I'd assume most directors nowadays know that their films are going to be watched by many people on televisions sets. In fact, I believe this has affected movie scripts. There seems to be more films whose narratives practically require multiple viewings to fully get the plot (e.g., Memento, Tinker Tailor Soldier Spy). So I don't think its clear what constitutes "real."


----------



## Xaltotun (Sep 3, 2010)

GreenMamba said:


> I'd assume most directors nowadays know that their films are going to be watched by many people on televisions sets. In fact, I believe this has affected movie scripts. There seems to be more films whose narratives practically require multiple viewings to fully get the plot (e.g., Memento, Tinker Tailor Soldier Spy). So I don't think its clear what constitutes "real."

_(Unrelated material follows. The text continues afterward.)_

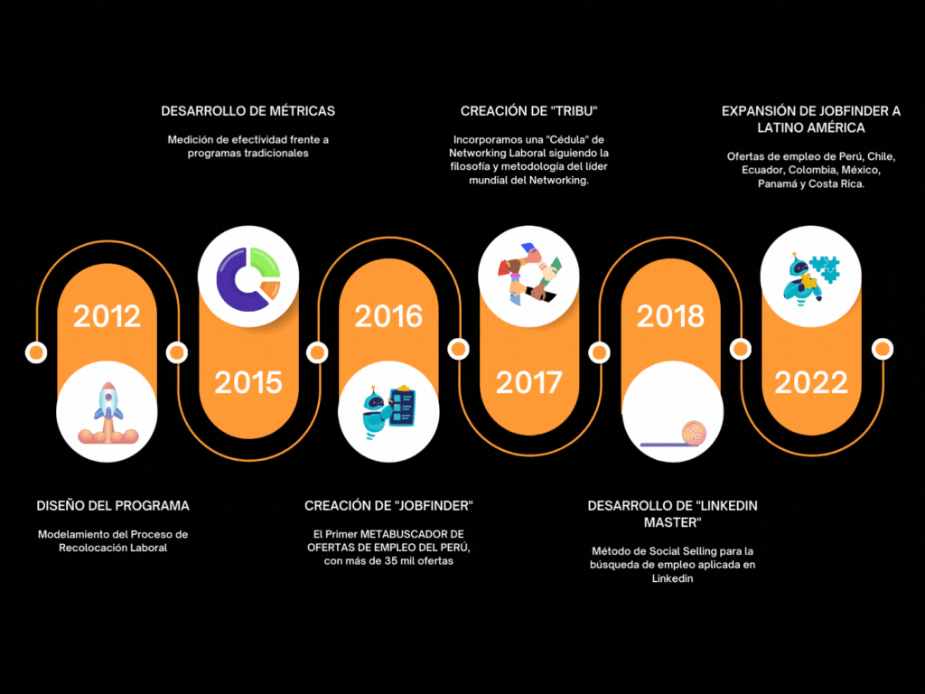Somos una firma peruana líder en Programas de Recolocación Laboral y Desarrollo Profesional. Ofrecemos los programas más completos y efectivos de Outplacement, respaldados por herramientas poderosas, metodologías y técnicas únicas, un enfoque rigurosamente estructurado y tecnología propia e innovadora para conseguir tu próximo empleo. Lo mejor de todo es que hemos mejorado los Programas Tradicionales de Outplacement con innovación metodológica y tecnológica, lo que nos permite adaptarnos a diversos escenarios y garantizar la efectividad de nuestros procesos aplicados.

You are absolutely correct! However, I was talking about the original idea of cinema, and its actualizations made in 1910-1965 or so. That's what films are to me and I sometimes forget that they are actually still being made in this day and age and considered "films" by most people. With my definition of a film, it is actually quite clear what is "real" and what is not.


----------



## Manxfeeder (Oct 19, 2010)

I remember when I was in college going to an art house and seeing Chaplin's The Great Dictator. That was a cool experience, because the only people there were people like me, exploring their artistic temperament.

But as far as movies in general, I'd rather be home. I can start it when I want to without all the previews and begin watching it at the time I choose. I can provide my own snacks, pause it when I want to, and even turn it off if it's boring. Plus, I can have a running commentary with my wife and not bother other people. 

So I'd trade the communal experience for the convenience. And personally, for a communal experience, I prefer going to church. It's much better than sitting in the dark with strangers.


----------



## Krummhorn (Feb 18, 2007)

Belowpar said:


> I grew up in an age of Black and White TV when you had to fine tune the valves once a week. Two channels.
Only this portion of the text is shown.